Our
Research
Research at the Rabadan Lab
Our main scientific interests lie in modeling and understanding the dynamics of biological systems through the lens of genomics. We are a very interdisciplinary team of mathematicians, physicists, engineers, biologists, and medical doctors with a common goal of solving pressing medical problems. We are currently focusing our work on:
Cancer. Genomic technologies provide an extraordinary opportunity to identify mutations that contribute to the development of tumors. We are mapping the evolution of cancers and uncovering the mechanisms of response or lack of response to multiple therapies. We work with clinicians and experimentalists all around the world.
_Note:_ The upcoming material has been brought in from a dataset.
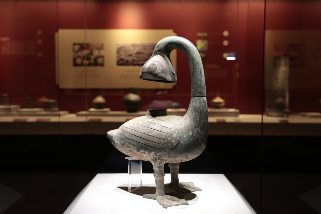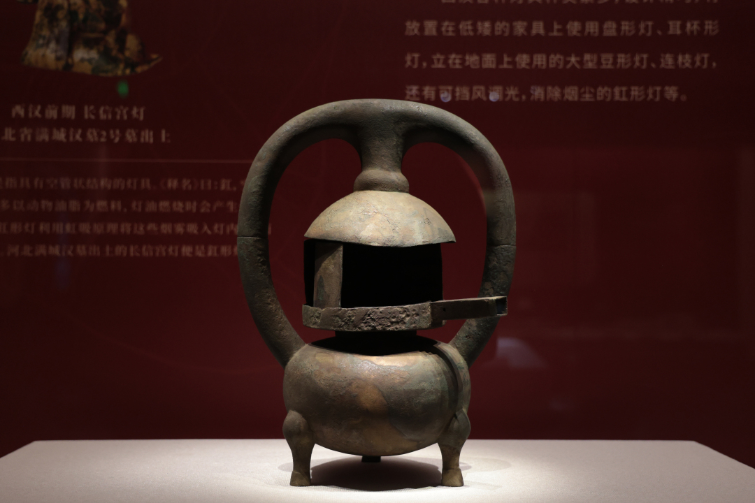 自2011年至今,西汉海昏侯墓及相关遗址的持续勘探、发掘、研究,让世人得以在文献之外,从考古的全新视角,重新审视刘贺其人其事和那段风云变幻的历史。海昏侯墓文物宝藏,一直为人津津乐道,赞叹不已。如展览中展出的雁鱼青铜釭(gāng)灯,灯的外形呈雁回首衔鱼伫立状,由雁衔鱼管、雁体、灯盘、灯罩组合而成。鱼身及雁颈、雁体中空相通。使用时灯火点燃,烟雾通过鱼和雁颈导入雁体内,被其中贮存的清水吸收溶解,达到环保无污染的效果。两片弧形灯罩可左右转动,既能挡风,又可调节灯光亮度。雁自古被视为“仁、义、礼、智、信”俱全的灵物,其嘴中鱼具有多子多福、夫妻恩爱、金玉满堂等吉祥寓意。此灯融科技、审美于一体,兼具实用和艺术双重功能。

Infectious diseases. Evolution is a dynamic process that shapes genomes. Our team at Columbia is developing algorithms to analyze genomic data, with a view to understanding the molecular biology, population genetics, phylogeny, and epidemiology of viruses. We are interested in the emergence of infectious diseases, pandemics and uncovering the mechanisms of adaptation of viruses to humans.
Electronic Health Records. Clinical databases constitute a rich and complex source of raw data. We are using the power of statistics and computers to tease out important clinical patterns in these diverse, important datasets. Combining molecular and clinical data illuminates some of the mechanisms underlying complex diseases.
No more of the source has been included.